Когда Дмитрий Иванович зашел в кабинет Чиркова, там уже сидел директор института Павел Андреевич Корецкий. Едва он успел поздороваться, как дверь открылась снова и через порог широко переступил Борозна. Он прищурил глаза, повел плечом — хотел поздороваться со всеми за руку, а потом кивнул и сел у приставного столика. Дмитрий Иванович сел в стороне, у стены. Пожалуй, и ему и Борозне в одно мгновение стало понятно, для чего их позвал Чирков. Денис Сергеевич Чирков — лет на пять моложе Марченко научный работник — впервые избран на должность секретаря парткома: было видно, что он не обвыкся еще за этим небольшим, застланным зеленым сукном столом и что предстоящий разговор ему неприятен. Да он этого и не скрывал. Провел ладонью по худощавому, землистого цвета лицу так, словно бы утирался или снимал невидимую паутину, сказал:

— Я даже не знаю, с чего начать. Дело такое сложное…

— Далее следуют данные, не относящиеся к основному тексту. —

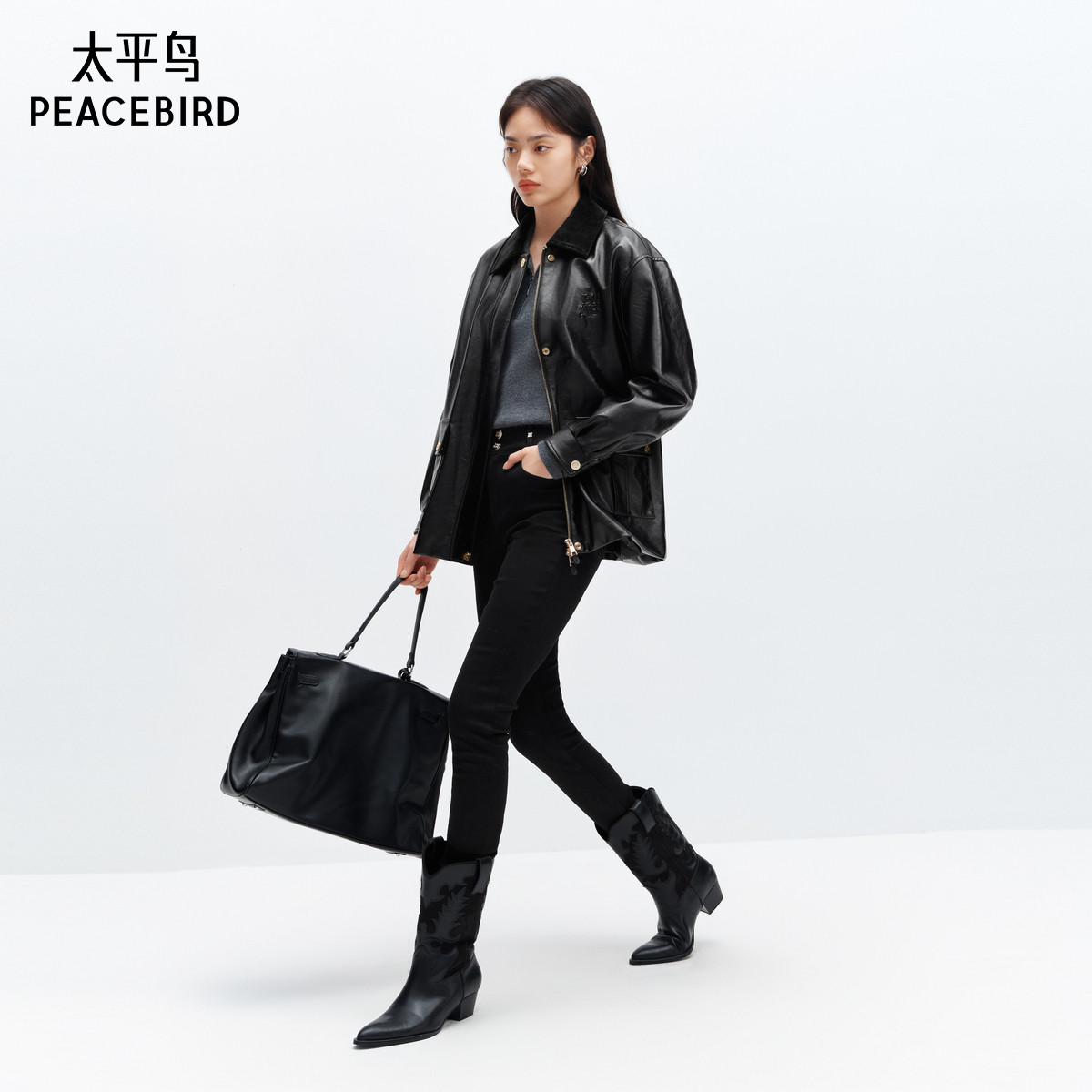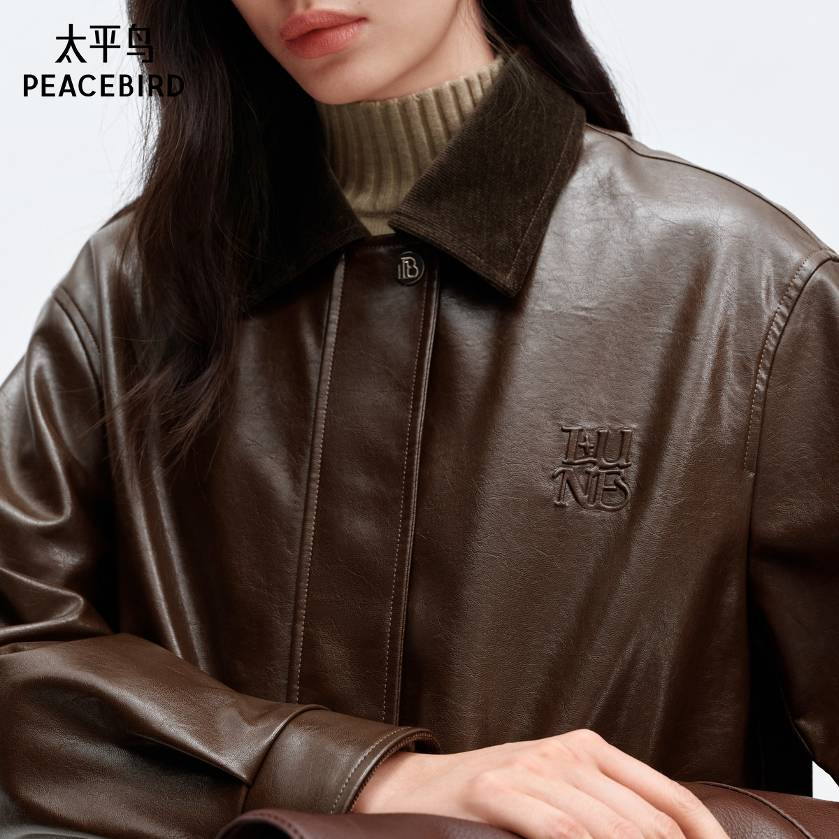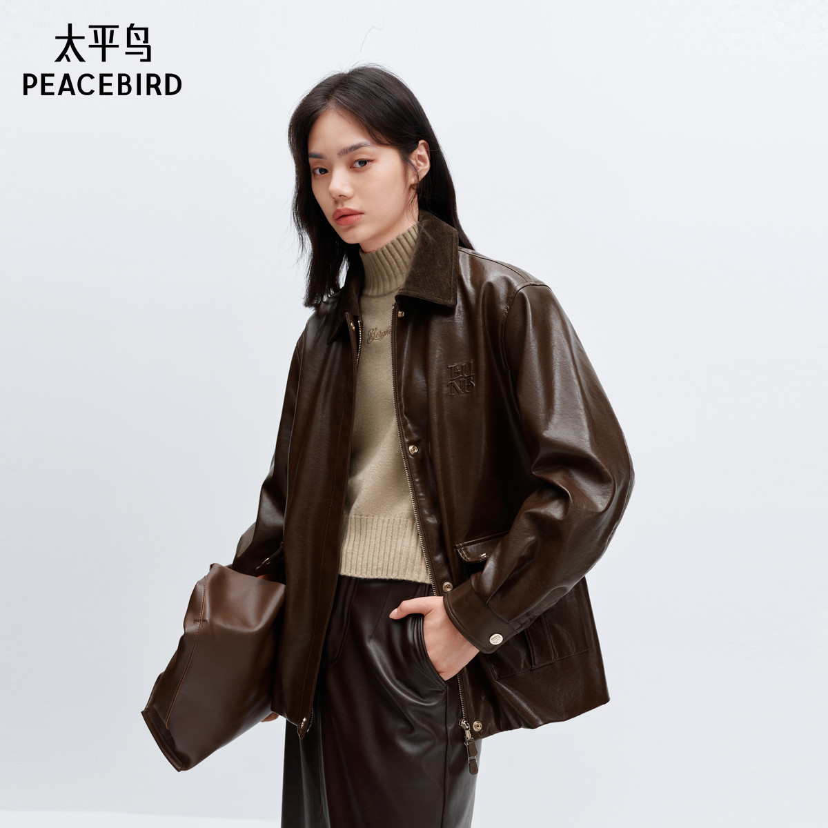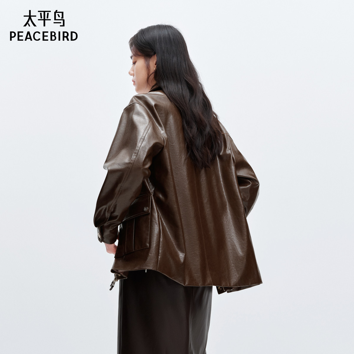太平鸟油蜡纹PU皮衣夹克外套女冬装新款黑色时尚皮衣外套女*

— Мне очень неприятно, что такое случилось, — с присущей ему прямотой, порой граничащей с невежливостью, даже с грубостью, прервал секретаря парткома Борозна. — Я готов принести Дмитрию Ивановичу самые искренние извинения. И тут, и публично…

— А, что там теперь все ваши извинения, — с досадой кинул на зеленое сукно карандаш Чирков. — Если бы ими можно было хоть чем-то помочь. Какой только дьявол дергал вас за язык? Ну почему вы не пришли к Дмитрию Ивановичу? Или хотя бы к Павлу Андреевичу…

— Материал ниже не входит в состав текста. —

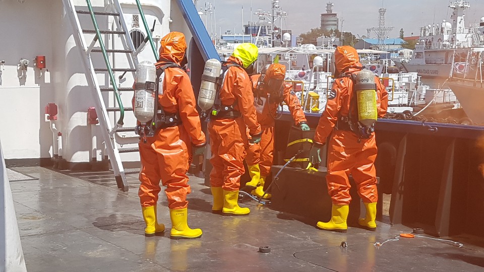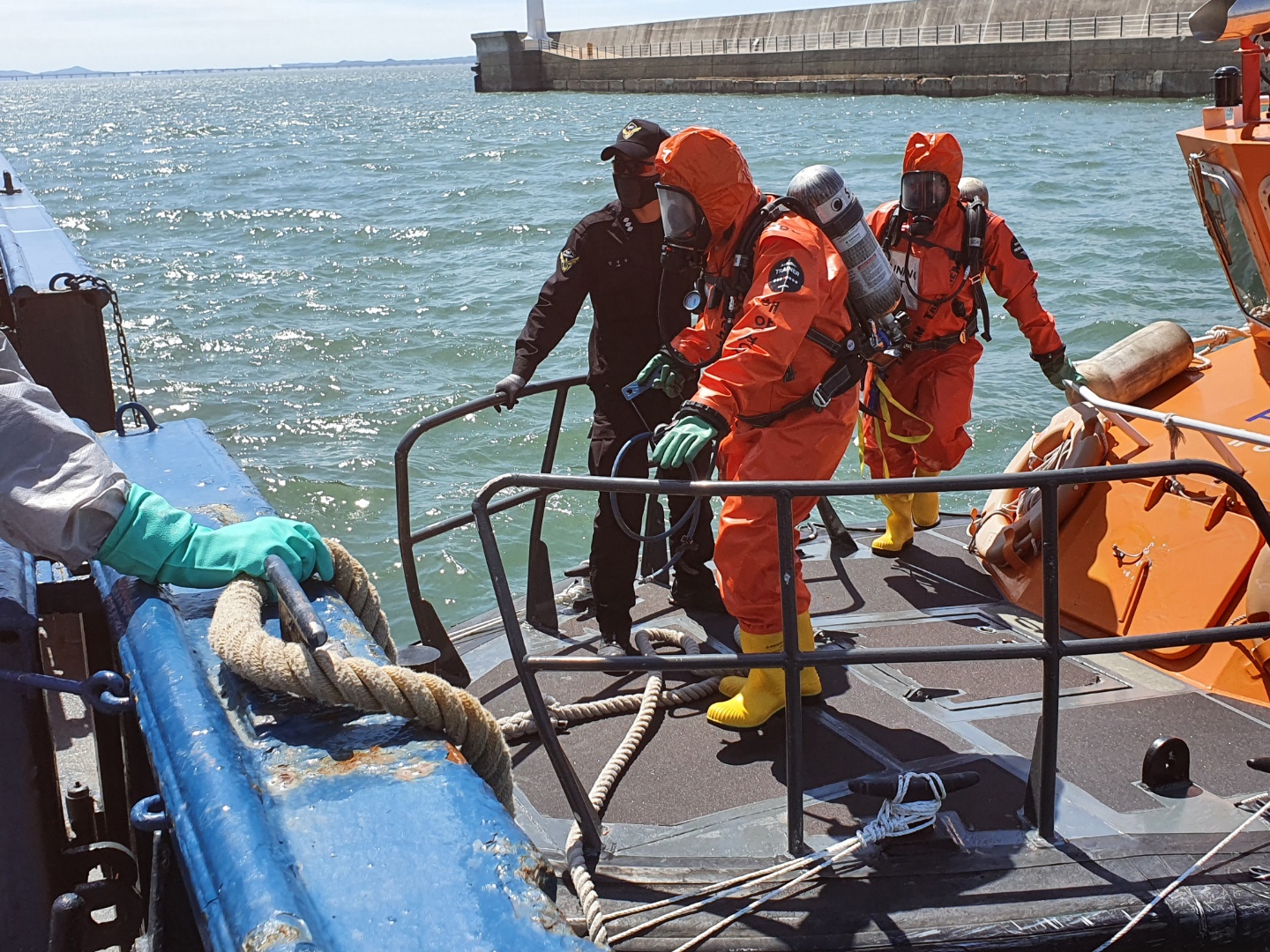 대응훈련에는 열화상카메라, 복합가스탐지기, 화학보호복, 구조장비 등 화학사고 대응 장비를 동원하여 ▲화학물질의 측정 및 탐지 ▲선박에서 부상자 구조 ▲누출방지밴드를 이용한 유출구 봉쇄 ▲화학물질 제독 순으로 진행 됐다

— Я все понимаю, — темнея лицом, сказал Борозна. — И не могу ничего объяснить. Я не хотел зла Дмитрию Ивановичу… С того дня, как пришел в его отдел, я мозговал над проблемой предшественника АТФ. А потом прочитал статью и высказал свои мысли.

— Вы не имели права высказывать свои мысли.

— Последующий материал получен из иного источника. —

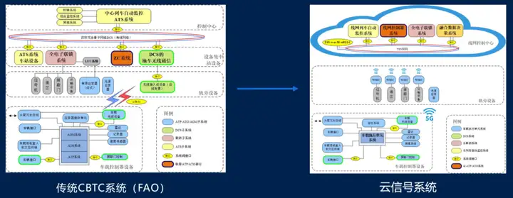 2014 年开始,北京城建智控持续推进云信号系统研发,该系统以“下地·上云”的底层逻辑对原有轨交信号系统进行重构。“下地”指面向传统车载中,因运行环境导致性能受限的情况,将传统车载控制器算力逻辑下放至地面系统,减轻对车上设备的依赖。“上云”指将传统的线路控制中心、设备集中站设备执行的深度计算迁移至中心云平台,通过各种通信安全保障,兼顾实时性和安全性,并进行资源的进一步整合,构建从线网控制中心到执行终端的新一代列车运行控制系统。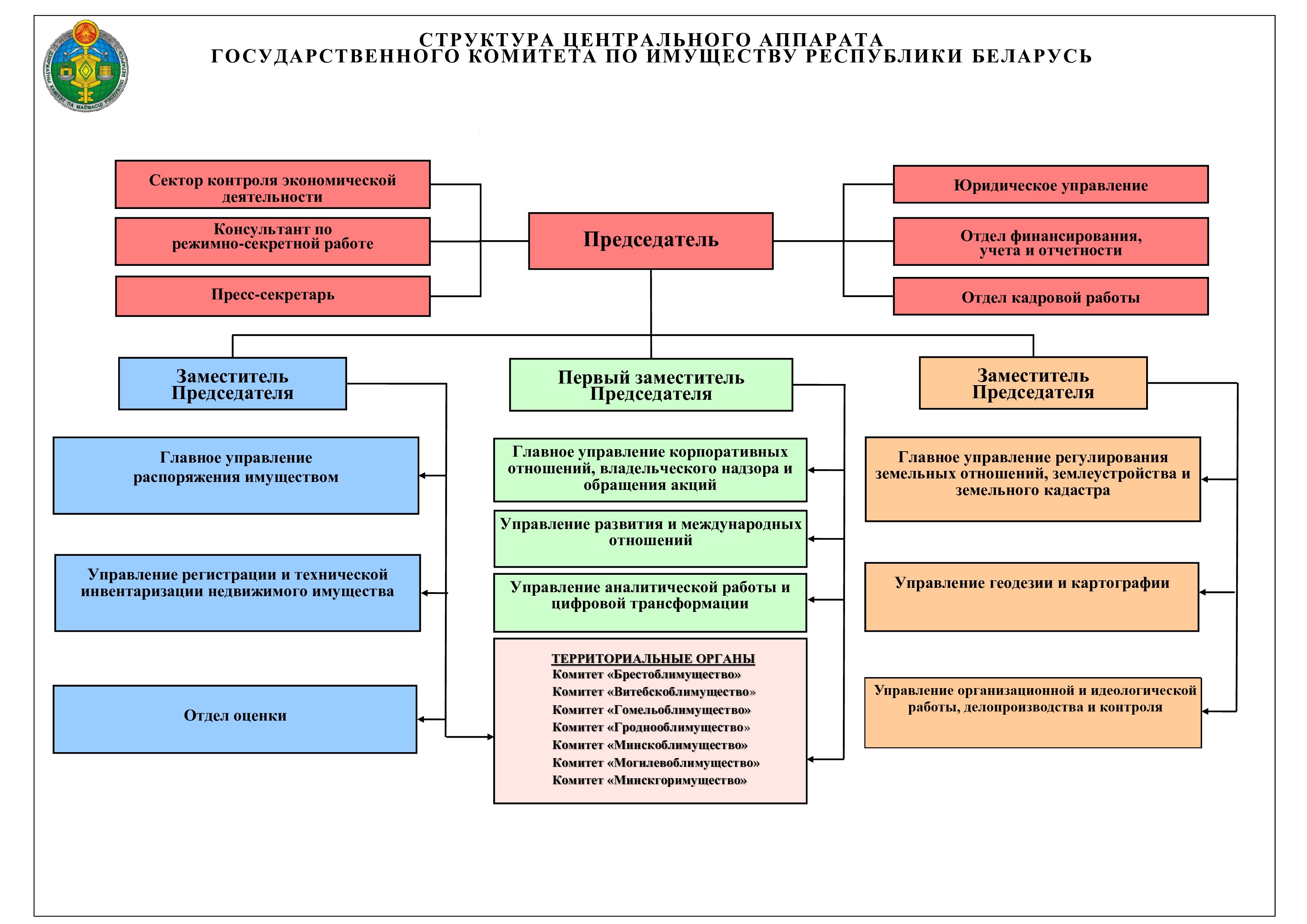 В структуру Госкомимущества входят главные управления, управления, отделы, секторы, а также структурные подразделения, осуществляющие обеспечение деятельности и техническое обслуживание в соответствии с законодательством.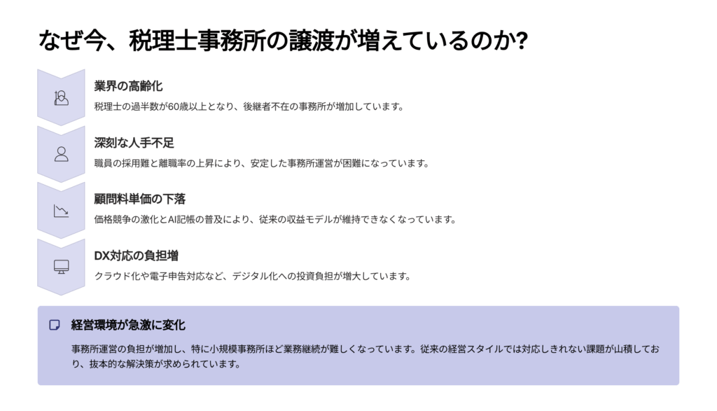 所長の高齢化と、承継意欲を持つ後継者の不在は、事務所譲渡の最も多い理由です。特に個人開業の税理士事務所では、 子どもや所内の職員が資格を持たず、事業承継が難しいケースが増えています。 これまで支えてきた顧問先との信頼関係を絶やしたくない、長年一緒に働いてきたスタッフの雇用を守りたい── そうした「想いを次につなぐ手段」として譲渡を選ばれる先生が少なくありません。2. 人手不足・業務負担の限界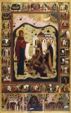 Особенностью иконы является изображение на ней, кроме Спасителя и Божией Матери, предстоящих святых угодников Божиих: святителей Петра, Алексия, Ионы и Филиппа, митрополитов Московских, блаженных Василия и Максима, преподобной Параскевы, святителя Василия Великого, апостола Петра, Алексия, человека Божия, апостола Симеона, сродника Господня, мученицы Параскевы и преподобномученицы Евдокии.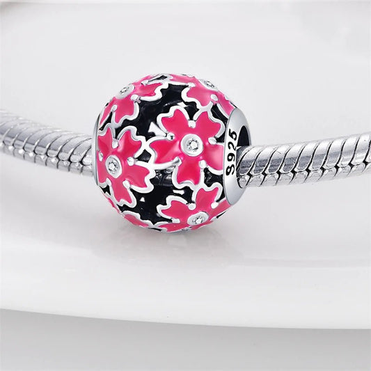 Pink Flowers Charm Sterling Silver S925 Dangling Garden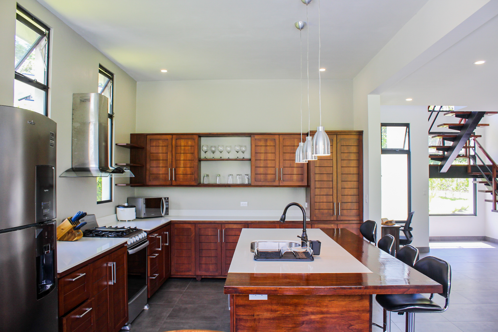 This home is a great example of modern construction in Costa Rica. The floorplan is a great design for a vacation rental for couples all desiring their own private space. Also perfect for private residence when you receive the many guests that will instantly want to visit you in Costa Rica! Come and appreciate this splendid residence, we will be happy to organize a visit for you.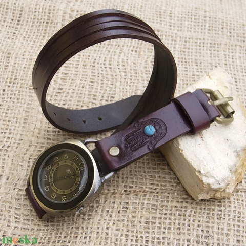 - Anyaga: bronz óralap, marhabőr, türkiz színű szegecsek, csat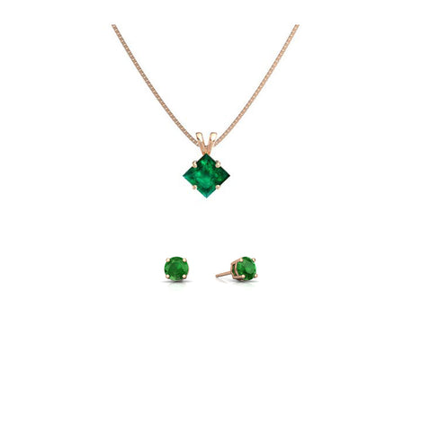 18K Rose Gold 2ct Emerald Princess Cut 18 Inch Necklace and Round Earrings Set Plated

— Не имею пр-р-ава? — повернул в его сторону голову Борозна, и это твердое «р» прозвучало как вызов.

Никто, конечно, не знал, да и трудно было догадаться, что уверенный в себе чернобородый доктор, который четко чеканил слова, до двенадцати лет не выговаривал этой коварной для многих буквы и что этот нажим на нее означал наивысшую степень его взволнованности. И поэтому Павел Андреевич ответил с несвойственным ему административным нажимом:

— Да, не имеете права. Потому что вы один, а там — целый коллектив. Не только наука, но и отношения, атмосфера — жизнь. Миновали времена, когда один ученый мог категорично высказываться о работе другого. — Корецкий говорил известные всем истины, но говорил их так, что они и впрямь приобретали какой-то особый, большой смысл. — В те времена и работал одиночка. Архимед, Коперник, кто там еще, Герострат, миссис Фуллер. Бросила в Миссисипи несколько веточек речного гиацинта — и вся Америка воюет с ними и по сей день. Строили библиотеку тысячи людей, а сжег один…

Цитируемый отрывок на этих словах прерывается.